- The Washington Times - Saturday, November 8, 2008

TBILISI, Georgia | Opposition protesters demonstrated Friday against President Mikheil Saakashvili’s government and urged President-elect Barack Obama to help bring political change to Georgia.

The protests were the first since Georgia lost a war with Russia in August and occurred on the first anniversary of a similar demonstration the government dispersed with tear gas, water cannons and rubber bullets.

An estimated 10,000 demonstrators assembled outside the parliament building. Several thousand more joined a rally outside the presidential residence.

The numbers were about a fifth of those who turned out a year ago, highlighting the fractured nature of the opposition. Two opposition parties - the Christian Democrats and the Republican Party - did not participate, citing the need for postwar unity.

Those who did take part accused the Bush administration of ignoring election fixing and media suppression by the Georgian government. Several protest leaders said they hoped Mr. Obama would pressure Mr. Saakashvili into holding early elections next spring.

“In the name of the tens of thousands here, we want to congratulate the American people with the choice of Barack Obama,” Conservative Party leader Kakha Kukava told the crowd outside the presidential residence. “It’s a new hope for people all over the world,”

“We believe in Obama. We trust Obama,” one poster declared in Georgian.

Several protesters held posters carrying photos of the U.S. president-elect’s face.

Opposition leaders said U.S. officials were not sufficiently critical of the Georgian government.

Referring to Daniel Fried, U.S. assistant secretary of state for Europe, and his deputy Matthew Bryza, opposition leader Goga Khaindrava asked: “Why didn’t Mr.
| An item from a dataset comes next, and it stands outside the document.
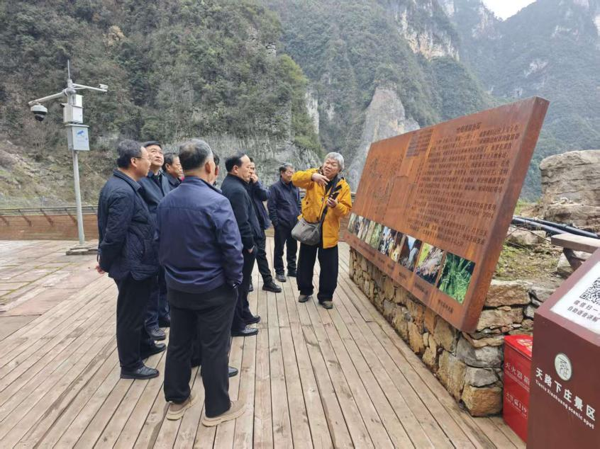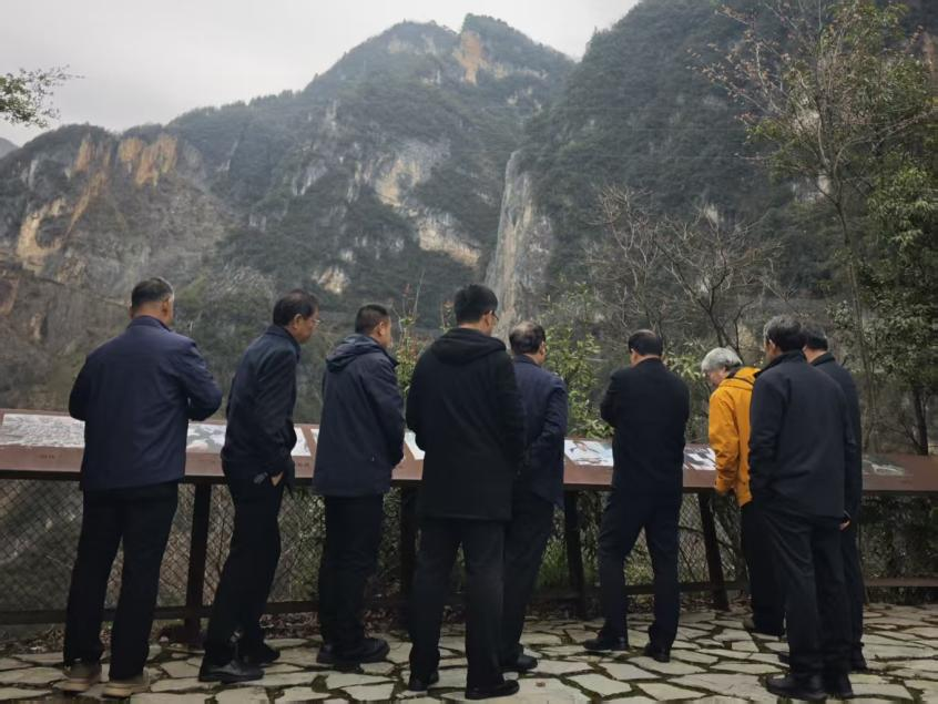 当日下午,在三峡研究院院长王志清主持下,调研组首先前往天路景区进行现场考察。在展示下庄自然环境与修路背景的信息牌前,成员们认真聆听了下庄精神的发掘者、见证者、记录者,重庆“十佳”新闻记者侯长青的现场讲解,深入了解下庄村曾经的闭塞困境以及村民们决心开凿天路的时代背景与现实动因。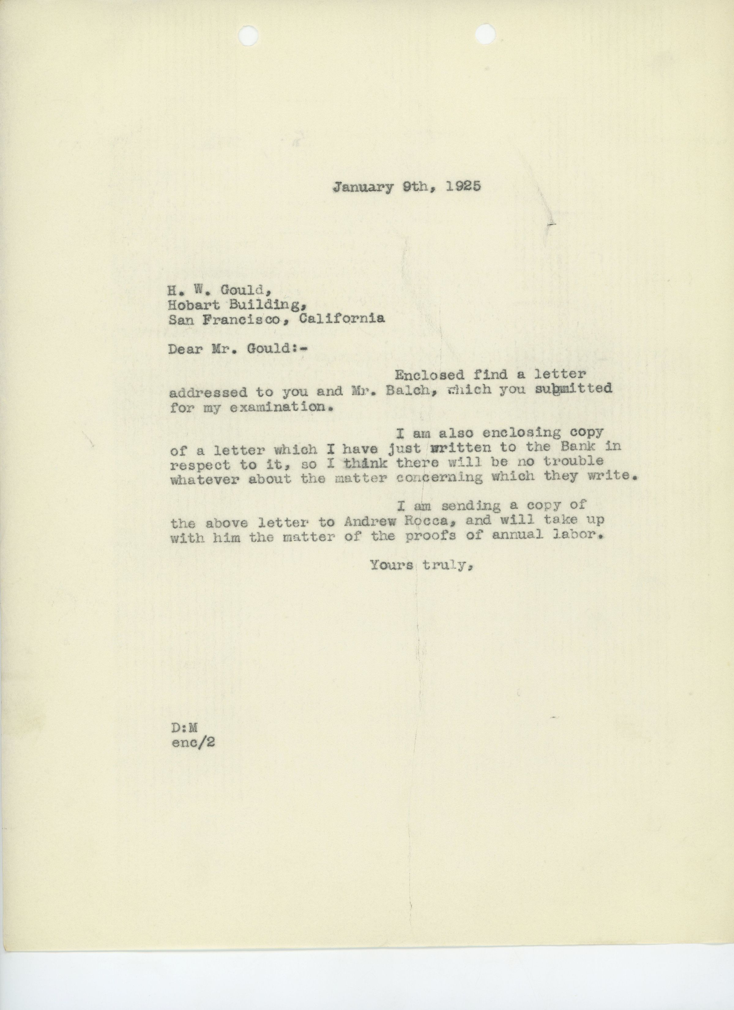 Unsigned letter to H. W. Gould regarding correspondence between Balch and Gould, the Bank of California, and the sender

Fried and Mr. Bryza pay enough attention to this regime? Why didn’t they say the truth about Georgia? Why were they calling a regime of totalitarianism a democracy?”

Western leaders have praised Mr. Saakashvili as a progressive, Western-oriented leader since he came to power following the Rose Revolution of 2003. The Bush administration later criticized Mr. Saakashvili for repressive measures but strongly backed his government after the war, accusing Russia of aggression and of using disproportionate force.

However, new accounts from independent military observers have called Georgia’s version of events into question.

Asked about reports that the Georgians began the August conflict by indiscriminantly shelling the ethnic enclave of South Ossetia, which has since declared independence, State Department spokesman Robert Wood on Friday said: “We’ve seen the reports. We may or may never get to the bottom of who was actually responsible for what went on there. But we have, from the beginning, encouraged both sides not to be provoked or to provoke. And the Georgians felt that they were provoked by the Russians.

“The important thing is for us to move forward, and that’s what we’re trying to do in terms of trying to reconstruct Georgia,” Mr. Wood said.

Mr. Kukava said the demonstrators “are here to announce we are starting a new political movement that will finish this government.”

Levan Gachechiladze, a longtime opposition leader, told the crowd, “Our main demand is free and fair parliamentary and presidential elections next spring.”

Transparency International, Georgia, and other independent monitoring groups have said elections in May might have been fixed by Mr. Saakashvili’s National Movement party. Monitors from the Organization for Security and Cooperation in Europe found problems, but ultimately endorsed the vote.

Svetlana Alsiani walked 14 hours to protest the government’s attempts in 2007 to seize a shop she owns.

“I can bear anything. I can be hungry or thirsty, but I can’t bear when my rights are taken away,” the 63-year-old businesswoman said.

The local government tried to sell her shop to a private security firm, she said, but she held a hunger strike and refused to leave her store. The two local television stations would not cover her story, she said.

“Television is not a free media in Georgia,” she said.

Like other protesters, Ms. Alsiani said she thought Mr. Obama’s election would help Georgia.

“I am happy that Barack Obama was elected. From what I can tell from the newspapers, he is a person who can change not only his country, but the world,” she said.